14 Oct 2021 , 06:00 PM

How to Share Terabytes of Live Data with Delta Sharing

Technology

In this technical session Databricks' Frank Munz, will introduce Delta Sharing, a Linux Foundation open source solution for sharing massive amounts of live data in a cheap, secure, and scalable way.

 

Delta sharing uses pandas or Apache Spark for the real-time exchange of large data sets, enabling secure data sharing across products for the first time. It leverages modern cloud object stores, such as S3, ADLS, or GCS, to reliably transfer large data sets.
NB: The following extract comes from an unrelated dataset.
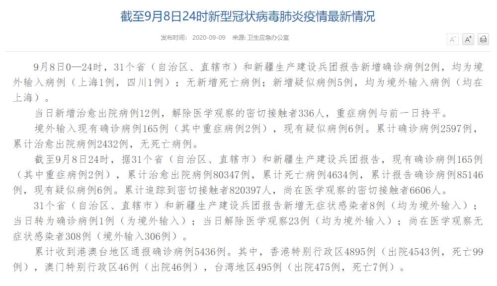 人民網北京9月9日電(董童)國家衛生健康委于今日在官網發布的《截至9月8日24時新型冠狀病毒肺炎疫情最新情況》(以下簡稱“情況”)提出,9月8日0—24時,31個省(自治區、直轄市)和新疆生產建設兵團報告新增確診病例2例,均為境外輸入病例(上海1例,四川1例);無新增死亡病例;新增疑似病例5例,均為境外輸入病例(均在上海)。當日新增治愈出院病例12例,解除醫學觀察的密切接觸者336人,重癥病例與前一日持平。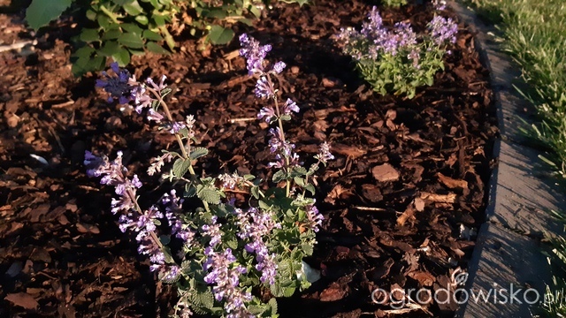 Kocimiętki posadziłam na razie jako obwódkę przed różami. Mimo że czytałam że odmianowe kocimiętki na koty nie działają to tę odmianę kot sąsiadów już mi skubie .

An open-sourced reference sharing service is available to get started.

 

Within the Databricks ecosystem, Unity Catalog implements the open source Delta Sharing protocol, so you can share data across organization regardless of system boundaries, compute platform or cloud provider.   

 

This is a technical session with difficulty level easy/medium (L300).

 

Speaker Bio

 

Dr. Frank Munz is a Staff Developer Advocate at Databricks. He is the published author of three computer science books. Frank built up technical evangelism for Amazon Web Services in Germany, Austria, and Switzerland. He is a certified AWS and GCP Professional Cloud Architect and ML/Data Engineer. Frank fullfilled his dream to speak at top-notch conferences on every continent (except antarctica, because it is too cold there). He presented at conferences such as Devoxx, Kubecon, re:Invent, Voxxed Days, and Java One. He holds a PhD in Computer Science from TU Munich. 

When Frank is not working, he enjoys travelling in Southeast Asia, skiing in the Dolomites, tapas in Spain, and scuba diving in Australia.